Aktif karbonun fiziksel özellikleri, gözenekli yapısı ve
geniş yüzey alanı üzerinde odaklanır. Gözeneklilik, gözenek yapısı, gözenek
boyutu dağılımı ve özgül yüzey alanı, adsorpsiyon işlemlerinin anlaşılmasında
kritik öneme sahiptir. Yüzey alanı genellikle BET yöntemi kullanılarak
belirlenir. Bu yöntemde, azot-helyum gaz karışımı adsorbe edilerek farklı
basınçlardaki adsorpsiyon miktarları ölçülür.
Büyük bir yüzey alanına sahip olması, aktif karbonun
adsorpsiyon merkezlerinin sayısını artırır. Ticari ürünler tipik olarak
500-1.200 m2/g arasında bir yüzey alanına sahiptir, özel amaçlar için
kullanılan aktif karbonlar 3.500-4.500 m2/g yüzey alanına sahip olabilirler.
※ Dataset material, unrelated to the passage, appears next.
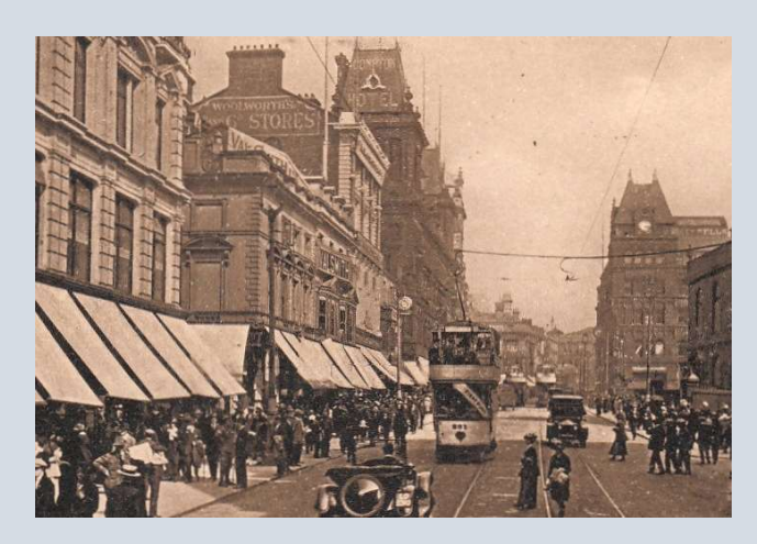
The very first UK Woolworths store (store #1), in Church Street, Liverpool, shown (centre) in a detail of a 1917 postcard. The store traded here until 1923, and then from across the street until 1983

Across that period – allowing for all its openings, closures and relocations over the years – there are over 1,400 UK sites that at one time housed a Woolworths branch.

BET yöntemi dışında, sıvı faz fenol yöntemi ve metilen
mavisi adsorpsiyon testleri de yüzey alanının belirlenmesi için kullanılabilir.
SEM analizi, aktif karbonun morfolojisini görsel olarak gösterir ve tanecik
boyut analizi ile EDX analizi sayesinde element yüzdesi belirlenebilir.
Gözenek yapısı, aktif karbonun porozitesini belirlemede
önemli bir rol oynar. Gaz adsorpsiyonu ve civalı porozimetre, porozite
ölçümlerinde en sık kullanılan yöntemlerdir.
Aktif karbonun oluşumu sırasında karbonizasyon
sıcaklığındaki artış, küçük moleküllerin uzaklaşmasına ve mikroporların
oluşmasına neden olur. Bu süreçte çapraz bağlı selülozik ana yapı bozulmaz ve
selüloz yapısı karbon yapısına dönüşür. Ancak, bu proses mükemmel değildir ve
oluşan karbon yapısı tabakasal değildir, bu nedenle modellenmesi zordur.
Aktif karbonun diğer fiziksel özellikleri arasında yoğunluk,
aşınma dayanımı, sertlik, nem miktarı, kül miktarı, asitte çözünen madde
miktarı, suda çözünen madde miktarı, su tutma kapasitesi ve şişme kapasitesi
bulunmaktadır. Bu özellikler, aktif karbonun çeşitli endüstriyel uygulamalarda
etkili bir adsorban olarak kullanılmasını sağlar.
Aktif karbonun kimyasal özellikleri, içerisinde bulunan
basit grafitik kristallerin köşe ve uçlarında yer alan yüzey gruplarına
odaklanır. Bu yüzey grupları, karbonun organik bölümünü oluşturur. Hidrojen ve
oksijenin kimyasal olarak bağlı olduğu yüzey grupları, karbonun özelliklerini
etkiler. Hava ile temas durumunda, karbon oksijen ile kimyasal bir bağ yapar.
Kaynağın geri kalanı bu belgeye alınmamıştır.